Yayoi Kusama: A Retrospective
Gropius Bau, Berlin, 19 March- 1 Aug, 2021; Tel Aviv Museum of Art, 2 Nov, 2021 – 23 Apr, 2022
Eight of Yayoi Kusama’s most important exhibitions, which took place between 1952 and 1983, will be recreated for a retrospective of the Japanese artist’s work in Berlin this spring. The restaging of the shows will illustrate how the artist’s use of space developed and how she harnessed a multitude of mediums in her career, which now spans 70 years. As well as a brand-new Infinity Mirror Room, specially made for the occasion, the show will also look back at lesser-known early works. Among these will be an oil painting on paper, Accumulation of Corpses (Prisoner Surrounded by the Curtain of Depersonalization) (1950), and a collage of fake dollar bills, Untitled (around 1962-63)—reminiscent of the work of her friend Andy Warhol—as well as documentation of nude public performances, such as the naked anti-war happening on Brooklyn Bridge in 1968. The exhibition, which will be the first German retrospective of the artist, will also travel to Tel Aviv in the autumn. Meanwhile, a year-long display of two Infinity Mirror Rooms will finally open at Tate Modern in London after being postponed last year due to the pandemic (29 March- 27 March 2022).

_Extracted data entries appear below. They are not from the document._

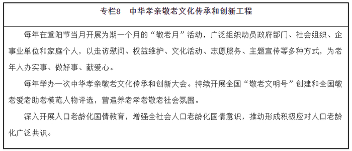 《规划》部署了9方面具体工作任务,包括织牢社会保障和兜底性养老服务网,扩大普惠型养老服务覆盖面,强化居家社区养老服务能力,完善老年健康支撑体系,大力发展银发经济,践行积极老龄观,营造老年友好型社会环境,增强发展要素支撑体系,维护老年人合法权益。
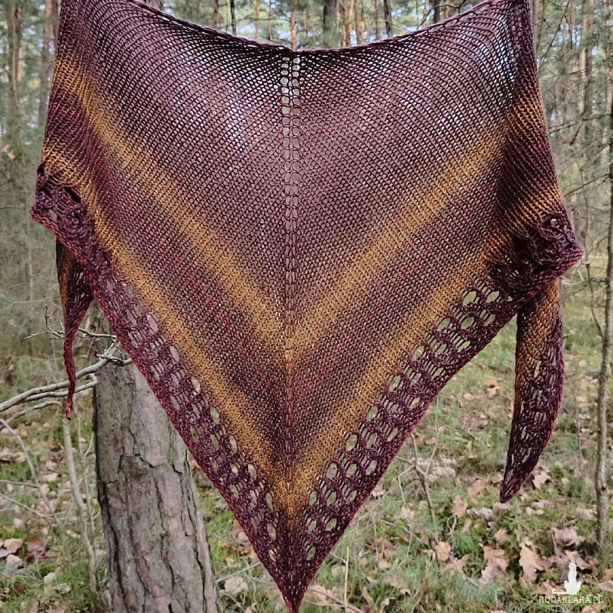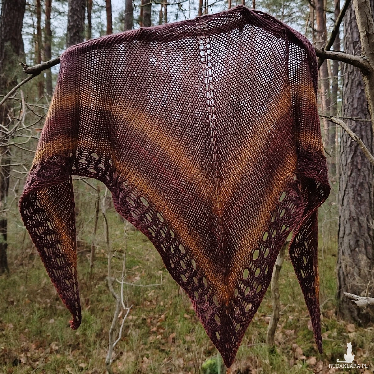 Klasyczna, średnich rozmiarów chusta wykonana ręcznie na drutach z najwyższej jakości urugwajskiej ręcznie farbowanej włóczki 100% wełna merino extrafine. Miękka, miła, wyjątkowo delikatna wełna, przypominająca w dotyku jedwab. Miłe dla oka kolory, kojarzące się z bałtyckim bursztynem. Wymiary: 172 cm. bok najdłuższy, 72 cm. wys. trójkąta -. Polecam dla najdelikatniejszej skóry. Pranie wyłącznie ręczne w delikatnych środkach bez preparatów zmiękczających.
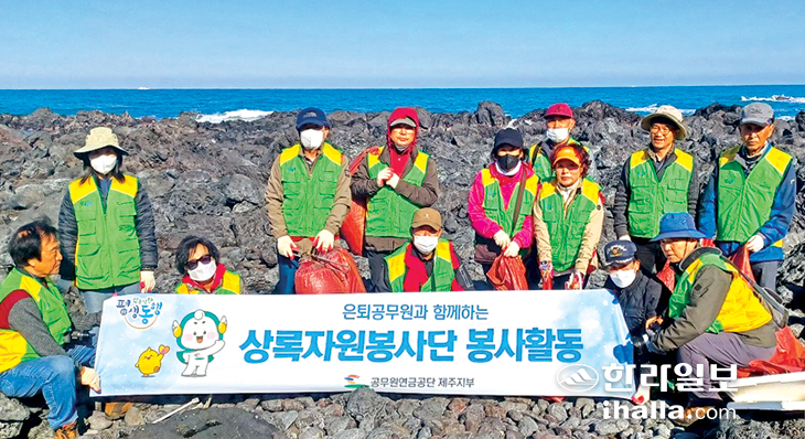 공무원연금공단(이사장 김동극) 제주지부는 지난 20일 퇴직공무원으로 구성된 상록봉사단원 20여 명과 함께 제주시 애월읍 하귀리 해안에서 해양 쓰레기 수거활동을 실시했다.
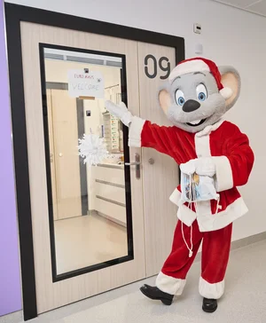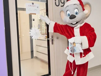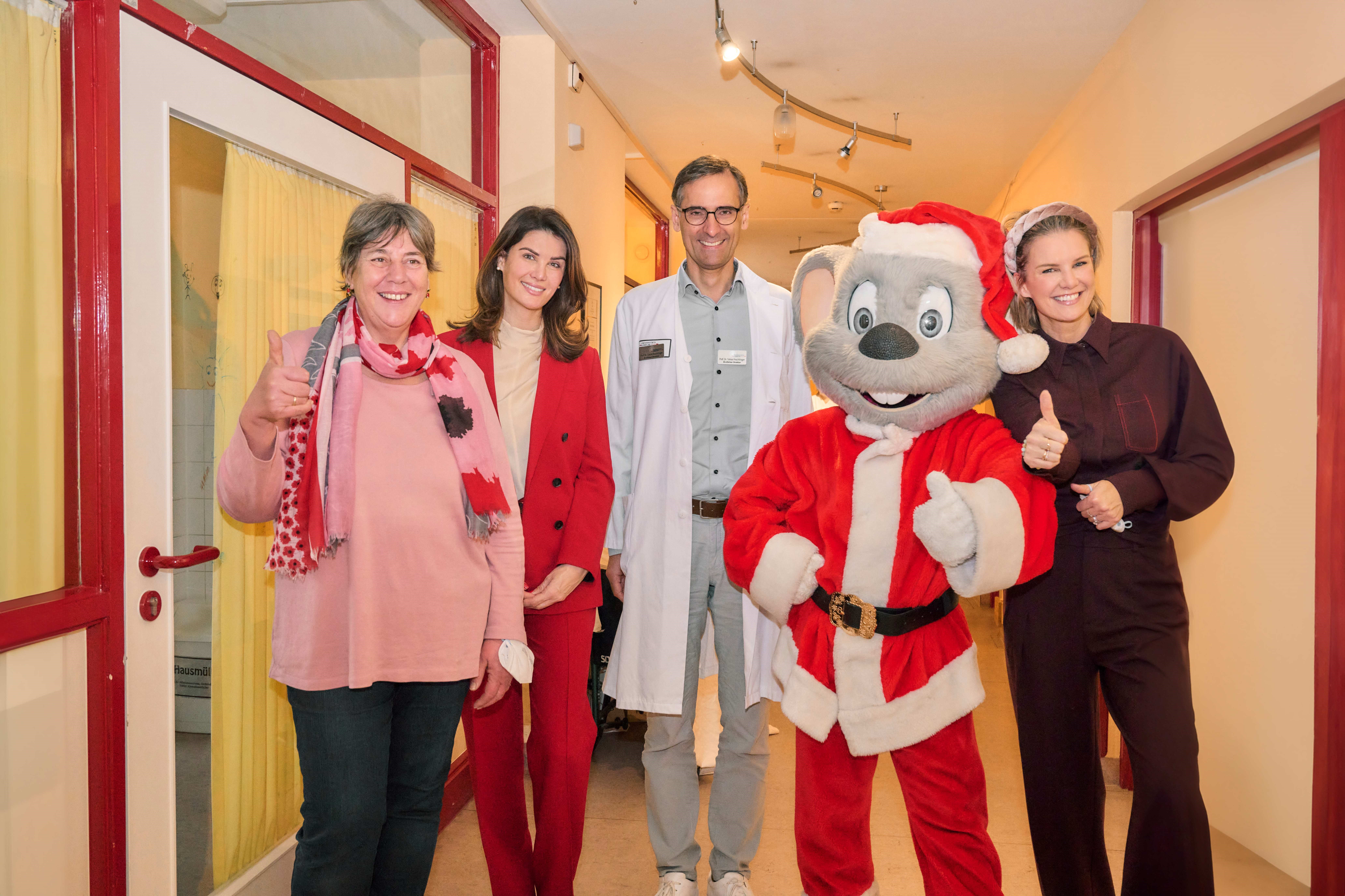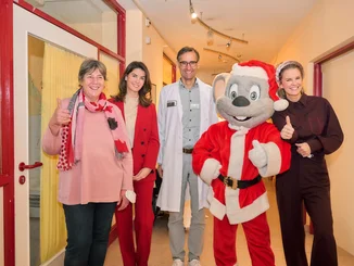 Ed Euromaus überraschte die Kinder und Jugendlichen in den neuen Räumlichkeiten der Klinik für Pädiatrische Hämatologie und Onkologie des Universitätsklinikums Freiburg mit zahlreichen Geschenken. Für Miriam Mack, Botschafterin des Deutschen Kinderhilfswerkes, ist die Aktion bereits seit vielen Jahren eine Herzensangelegenheit: „Ich hoffe, dass ich damit etwas zum Heilungsprozess der jungen Patienten beitragen kann. Es ist für mich jedes Jahr unglaublich emotional zu sehen, wie sich die Kinder und Jugendlichen über den Besuch und die Geschenke freuen. Für die großartige und unverzichtbare Arbeit von Dr. Tobias Feuchtinger und seinem Team bin ich sehr dankbar und ich möchte mit dem Besuch auch ihren unermüdlichen Einsatz würdigen.“
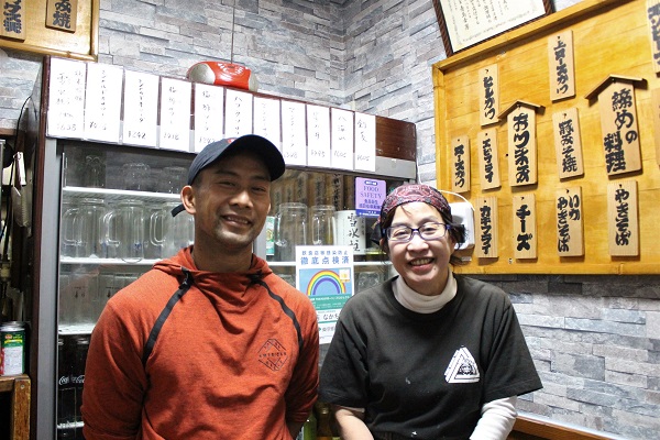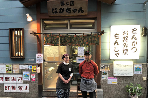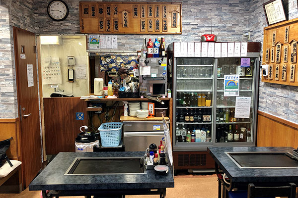 Nakachan has a cheery ambience created by Mrs. Nakabayashi and her son, who constantly banter in a friendly manner and clearly get on well. We were surprised to see tonkatsu (deep-fried pork cutlets) on the facade sign board, actually ahead of okonomiyaki and monja, while the interior menus featured offal (horumon) and skirt steak (harami), items more commonly found at horumon and barbecued beef restaurants respectively.
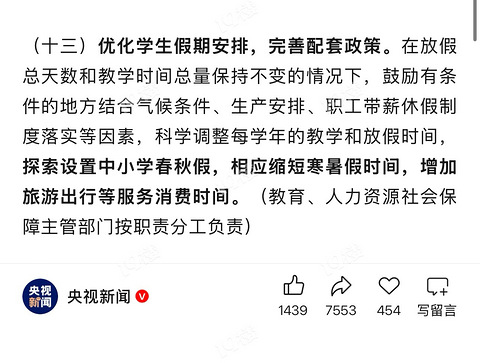 官方这算是明确了,总量不变,腾出来一些日子挪给春秋假[/11捂脸] (消息来源:扩大服务消费!9部门发文)

Yayoi Kusama is one of the world’s most important contemporary artists. In March 2021, the Gropius Bau will devote the first comprehensive retrospective in Germany to Kusama’s work. Presented across almost 3000 m², the exhibition will offer an overview of the key periods in her oeuvre, which spans more than 70 years, and feature a number of current works as well as a newly realised Infinity Mirror Room.